:: INFORMATION GIVEN ::
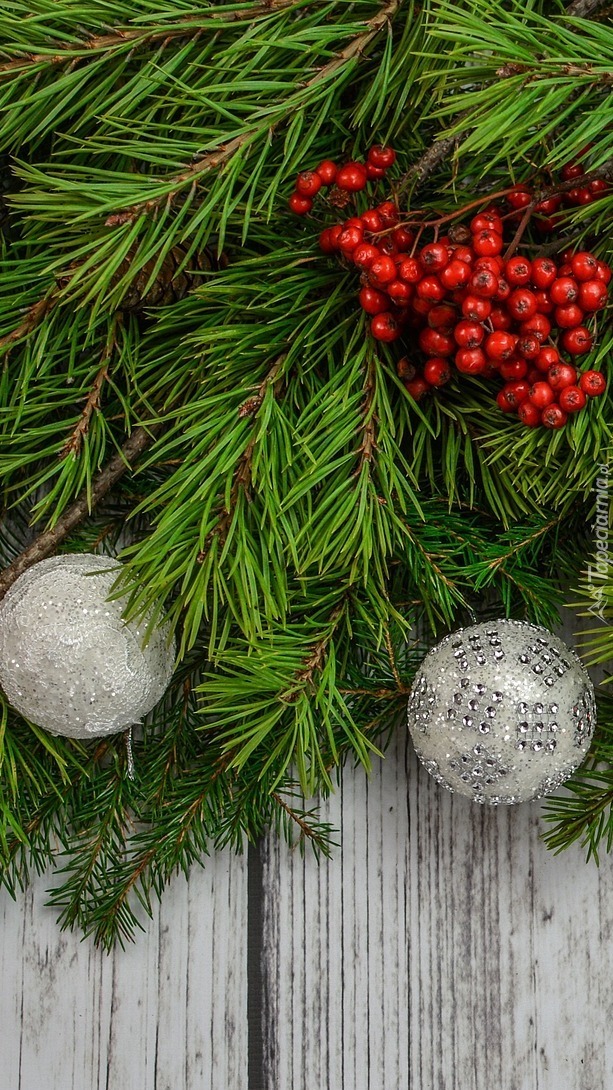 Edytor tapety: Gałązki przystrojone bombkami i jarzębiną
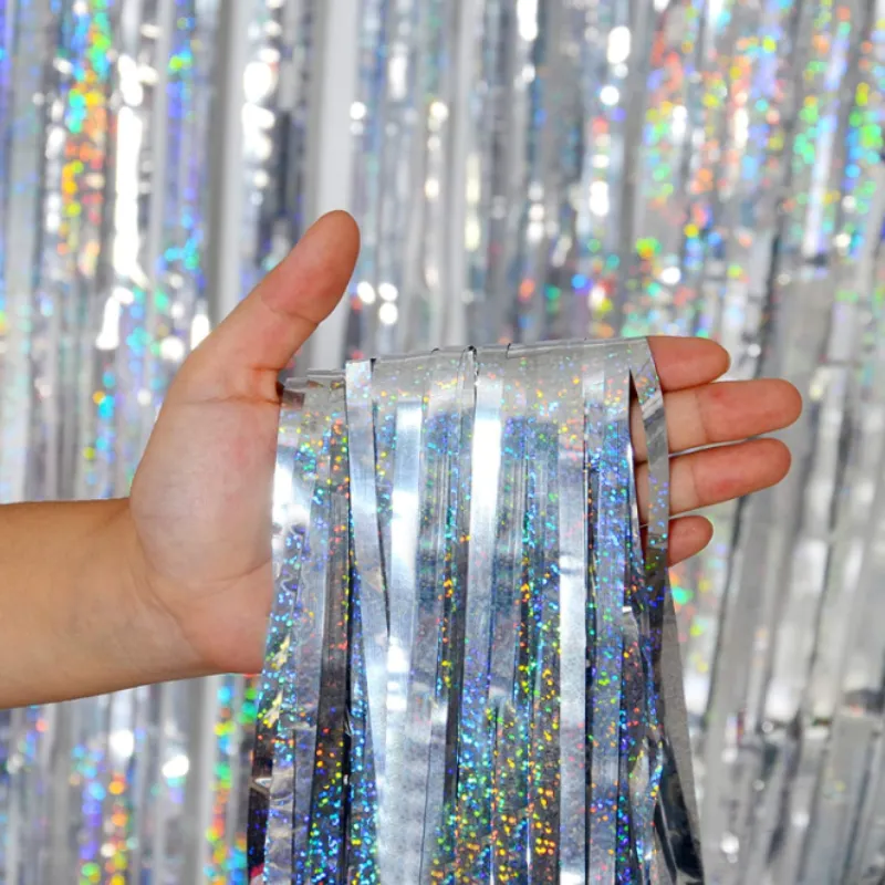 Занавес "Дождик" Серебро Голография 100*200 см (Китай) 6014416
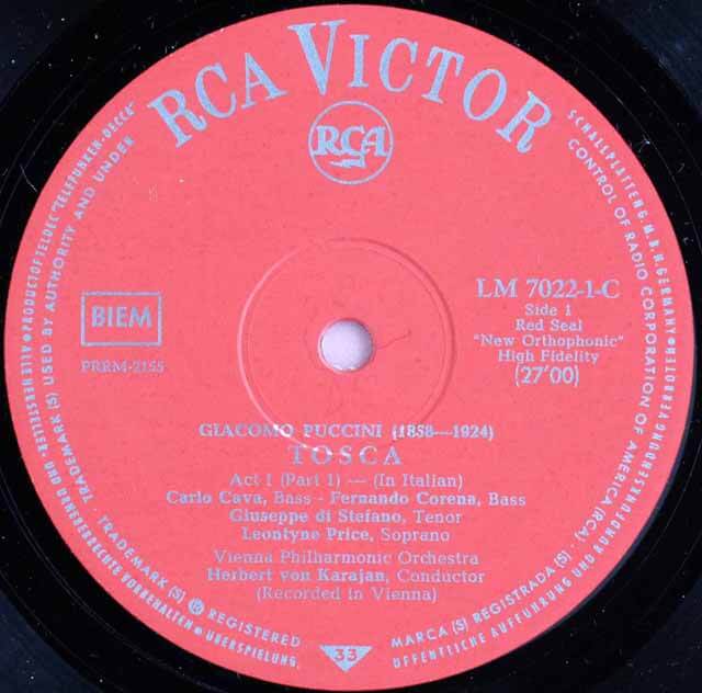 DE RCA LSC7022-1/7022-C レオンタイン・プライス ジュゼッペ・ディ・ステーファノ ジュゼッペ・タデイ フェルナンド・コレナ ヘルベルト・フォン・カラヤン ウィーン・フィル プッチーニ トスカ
--
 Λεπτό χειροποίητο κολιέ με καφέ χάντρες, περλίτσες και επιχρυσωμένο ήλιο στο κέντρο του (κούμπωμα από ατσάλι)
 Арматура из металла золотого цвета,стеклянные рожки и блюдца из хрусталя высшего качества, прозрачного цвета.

:: WHAT THE EXERCISE ASKS ::
In the records above, find the line with "см (Китай) 6014416" and the line with "DE RCA LSC7022-1/7022-C". Write out exactly those lines and every one between, with no pictures and no other lines.

:: RESPONSE AREA ::
 Занавес "Дождик" Серебро Голография 100*200 см (Китай) 6014416
 DE RCA LSC7022-1/7022-C レオンタイン・プライス ジュゼッペ・ディ・ステーファノ ジュゼッペ・タデイ フェルナンド・コレナ ヘルベルト・フォン・カラヤン ウィーン・フィル プッチーニ トスカ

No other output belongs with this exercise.